Access to knowledge, first in medicine, then in building a product for doctors to access
the latest medical literature, and then in supporting entrepreneurs as they were building
healthcare tools.
But OpenAI has the type of technology that can do that at scale for the entire ecosystem
all at once, help patients, help healthcare professionals.
and help incredible entrepreneurs who are building for all of the corners and edge cases
and tough challenges that exist in each area of the health market.
What is the strategy here?
We know that people use chatbots all the time now for medical questions,
but it seems like you're building and working towards something bigger and more comprehensive,
not just for the patient side, but the clinician side.
Because you talk about what your goals are?
Patients are increasingly turning to tools like chat.
GPT throughout the year.
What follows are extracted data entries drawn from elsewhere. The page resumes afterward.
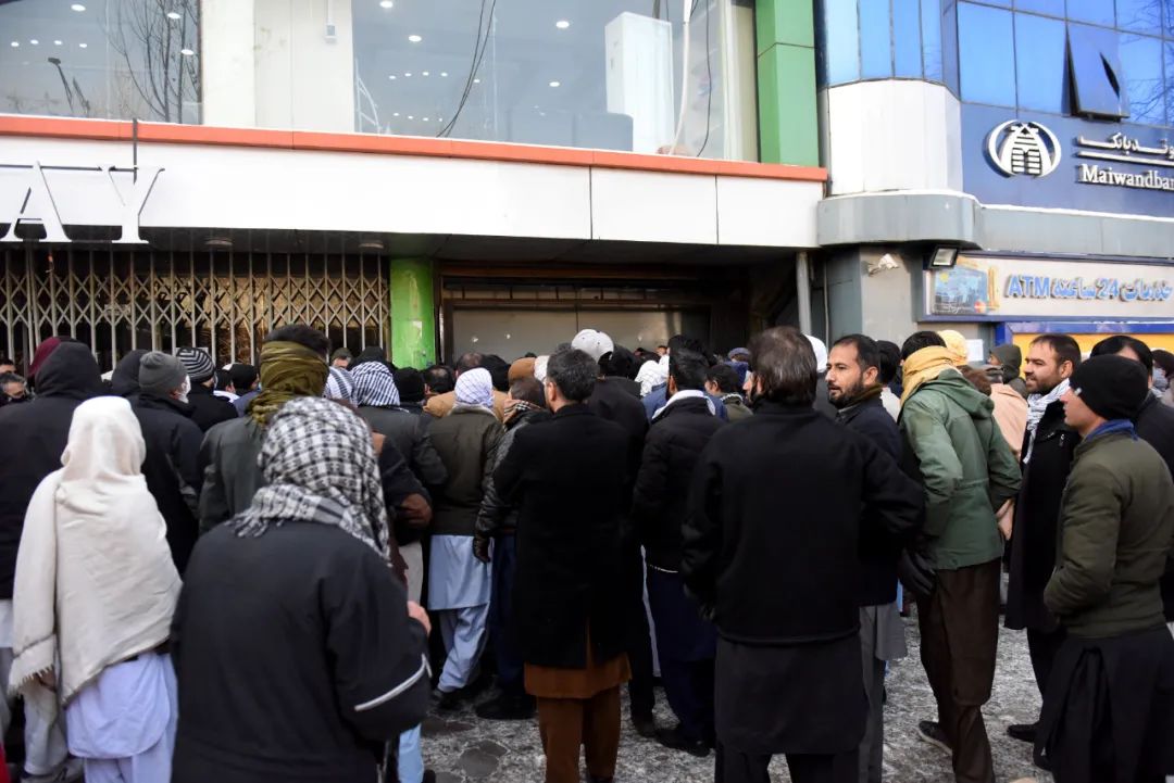 12月18日,人們在喀布爾一家銀行門口排隊等待取錢。新華社報道員薩菲攝
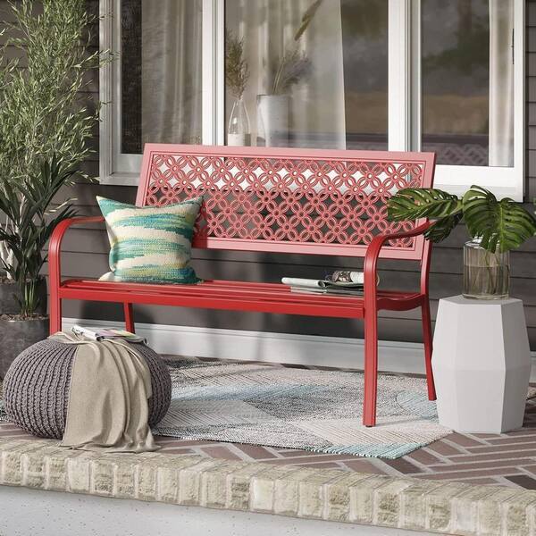 50 in. 2-Person Metal Cherry Red Outdoor Bench
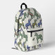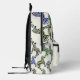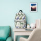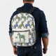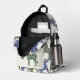 Votre monogramme à côté d'un zèbre rayé vert sur la poche avant. Le reste du sac à dos est un motif de zèbres rayés bleu, rouge brique, vert et moutarde.
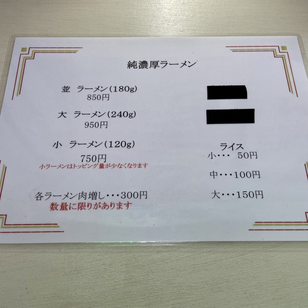 メニューはラーメンとライスのみですが、味がドロ・なめらか・ハーフ&ハーフとあり(日によりけり、公式の営業情報参照)、それぞれ濃厚度合いが異なります。
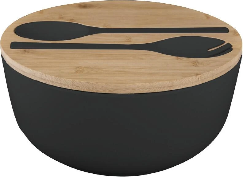 Mit diesem praktischen Set können Sie auch im Campingurlaub leckeren Salat zubereiten und genießen. Das Besteck lässt sich besonders platzsparend im Deckel verstauen.
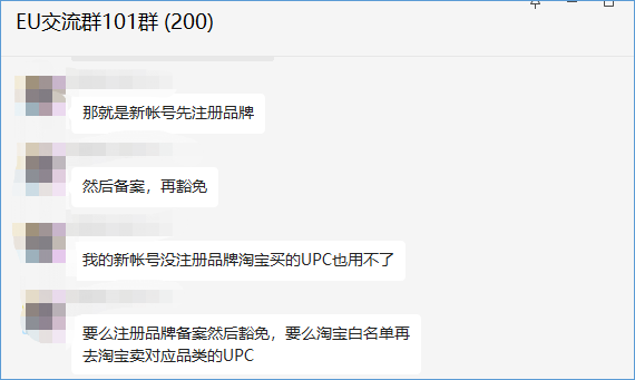 EU交流群的群友认为,要避免新账号出现以前的问题,就要先进行品牌备案,再通过品牌备案进行UPC豁免。

In fact, 900 million people now use chat GPT per week. And if you look at how many are
doing health-related queries, it's about one and four in a given week. So that's 40 million people
per day. And so our strategy in health is as much proactive as it is reactive and stepping
up to the responsibility and the opportunity to do good that comes with that strong
consumer demand. And so with chat GPT Health, we have created a space to keep these conversations
not just secure, but empowered. So when I say secure, of course, encrypted with this essentially
one-way valve protecting your conversations. So these extra security layers, these protections
to make sure that we will never train on users' health care data, combined with empowerment,
really. You know, search engines that people have used before to navigate health have amnesia.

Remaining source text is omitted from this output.